Six Nigerians crowdfunded and transferred $782,000 to Boko Haram
Abdurrahman Ado Musa,
Salihu Yusuf Adamu,
Bashir Ali Yusuf,
Muhammed Ibrahim Isa,
Ibrahim Ali Alhassan,
Surajo Abubakar Muhammad
These are men who on a normal day were supposed to be ordinary businessmen in
the UAE, but rather were cogs in a terrorist financing machine.
They were caught setting up a Boko Haram cell disguised as legitimate bureau de change (BDC) operations. They funneled what was about ₦300 million at the time, from Dubai to BH between 2015-2016.
According to them, unidentified Arab intermediaries flew in from Turkey with cash bundles deposits. The six received them in Dubai, converted to naira equivalents, and wired to Boko Haram operatives in Nigeria.
The key players: Surajo Abubakar Muhammad, a BDC operator, was a central facilitator—instructed Nigerian partners on payouts.
Salihu Yusuf Adamu handled direct transfers knowingly. Ibrahim Ali Alhassan and others assisted in the chain, all under the guise of forex trading.
Their arrests hit in April 2017—by 2019, the Abu Dhabi Federal Court of Appeal slapped them with heavy sentences under UAE's anti-terrorism laws:
Two got life sentences:
Surajo Abubakar Muhammad
and Salihu Yusuf Adamu.
The other four, including Abdurrahman Ado Musa, got 10 years plus deportation. Appeals failed by December 2019.

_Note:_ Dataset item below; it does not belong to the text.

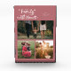 Modern and whimsical family memory photo block featuring 3 photos with a text that says "our family is all heart" with tiny hearts. Pink.

What started as arrests in 2017 for what seemed like unlicensed currency exchange violations quickly unraveled into a full-blown terror financing probe.
This misassumption delayed recognition of the Boko Haram link, allowing the network to operate under the radar for years. Even more alarming, there's concern that key Nigerian operatives could still be active, potentially recruiting unwitting Nigerian hustlers in Dubai or elsewhere to continue funneling funds through similar scams—where victims are tricked into transferring money that ends up supporting insurgents.
Nigerian diplomats and intelligence agents in the UAE were reportedly aware of the case, yet there's no evidence of proactive follow-up to dismantle these remnants in Nigeria, which shows weakness in the national security. Perhaps an intentional one.
Then again, on the Nigerian side were two shadowy figures: "Alhaji Sa’idu," a senior courier who arranged the Arab handoffs, and "Alhaji Ashiru," a
"Nigerian government official" siphoning public funds. This makes me wonder if National funds is syphoned laundered and channeled back to Boko haram in Northeast Nigeria.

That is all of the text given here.